The purpose of the database project is to facilitate additional clinical research in areas affecting children and adults with tuberous sclerosis complex, such as epilepsy, autism and tumor growth. This project is ongoing. The database is still open and has enrolled 2,092 subjects.

The TSC Database is utilized to identify potential participants for NIH studies conducted at TSC Database sites. The TS Alliance TSC Database is collecting data aligned with the European TSC Registry (TOSCA) core data fields, which will enable collaborative sharing in the future. In November 2012, the TS Alliance executed an agreement with Novartis Pharmaceuticals to partially underwrite the ongoing cost of operations of the project. Limited datasets from the TSC Database are being shared with Novartis to analyze targeted questions of interest to Novartis. Data from this project helped the Tumor/SEGA group develop their final recommendations on the frequency of MRI brain scans and are included in the 2012 International TSC Clinical Consensus Conference Recommendations for Surveillance and Management. Data from this project was used by Novartis to develop Everolimus.
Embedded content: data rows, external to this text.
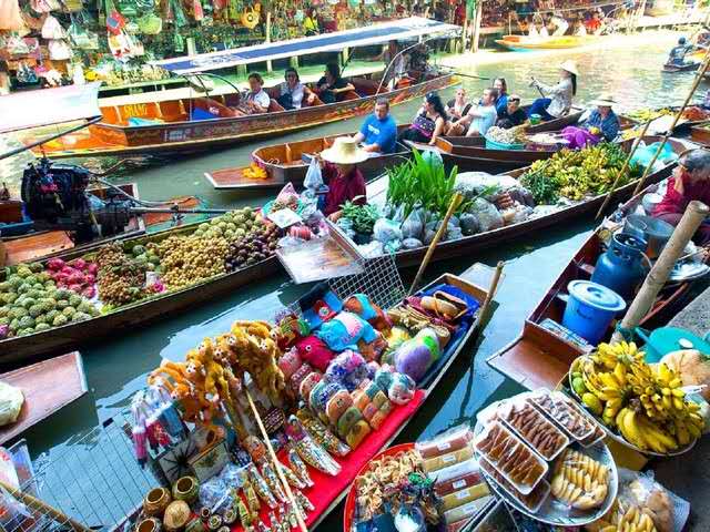 每天早上約7點(diǎn)到9點(diǎn),是當(dāng)?shù)厝私灰鬃铑l繁的時候,會有一艘接著一艘的小船從附近駛來,賣時蔬水果、干貨、小吃、鍋碗器皿、草帽等,在船上煮米粉、剖椰子都是輕而易舉的事情。店家各持一艘船,景象實在壯觀。約莫10點(diǎn)左右,除了小販的船外,更多了載觀光客的船,有時河道可能也會被擠得水泄不通,出現(xiàn)難得的「塞船」景象,不過這里有水上警察吹哨音指揮,紓解交通,很快就能讓河面再度活絡(luò)起來。
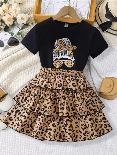Sparklyn Conjunto informal de 2 piezas para niña preadolescente con blusa de cuello redondo de manga corta con estampado de leopardo y falda con cintura elástica y volantes en el bajo, para verano - Multicolor - Añade 4
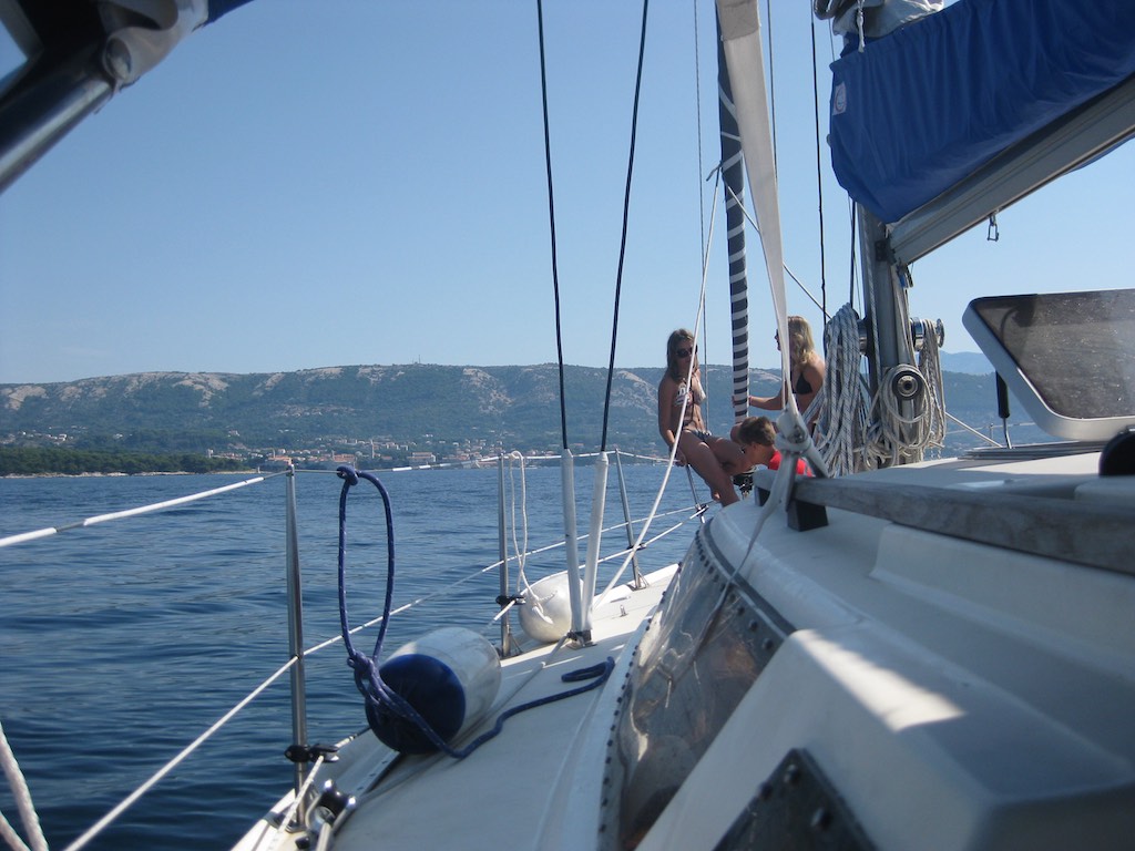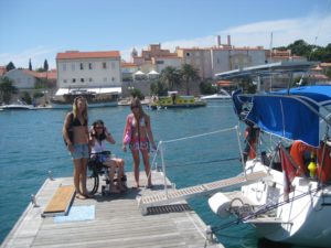 Rab! Das ist das Ziel Heute. Schon früh ziehe ich den Anker hoch und bei sehr wenig Wind motoren wir an einem schönen Leuchtturm vorbei. Die Kinder kommen Heute nur langsam in Schwung. Bis, ja genau bis die Delfine auftauchen. Mit einem Schlag sind alle hell wach. Riesige Begeisterung ab diesen wunderschönen, eleganten Tieren. Wir sind nur gerade ein paar Meilen von der Stadt entfernt und sehen diese Tiere.
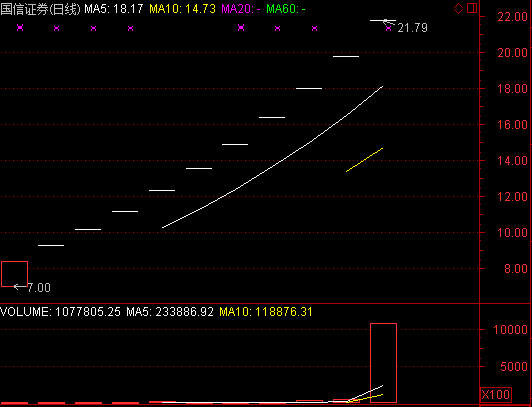 新华网消息 周三早盘国信证券继续一字涨停,每股报21.79元,这是该股上市后连续第11个交易日涨停。

Objective was to determine the frequency and predictors of seizures in pediatric stroke. 150 patients enrolled at 21 sites. 36 neonates and 114 children. Twenty-two (22) neonates and 32 children had an acute (<7 days) symptomatic seizure. Stroke involving temporal lobe predicted acute seizure but gender, AIS, hemorrhage, vascular territory and cortical infarct did not. Conclusion: Seizures are frequent within the first week of pediatric stroke onset. Nearly 1 in 20 developed recurrent remote seizures within 4 months of stroke. The International Pediatric Stroke Study (IPSS) group is an ongoing collaborative research effort.

As a result of this project, a manuscript was published in 2017 in the Journal of Developmental Medicine and Child Neurology (2017 Jan (10):38-44) entitled "Prolonged or recurrent acute seizures after pediatric arterial ischemic stroke are associated with increasing epilepsy risk". Three presentations were made: "Acute symptomatic seizures with pediatric stroke predict recurrent remote seizures" presented at the Child Neurology Society meeting, Austin 2013; "Younger age predicts acute seizures and epilepsy after pediatric stroke" Child Neurology Society meeting, National Harbor, 2015; and "Epilepsy is associated with poorer neurologic outcome after pediatric stroke" presented at the American Heart Association, International Stroke Conference, Los Angeles, 2016.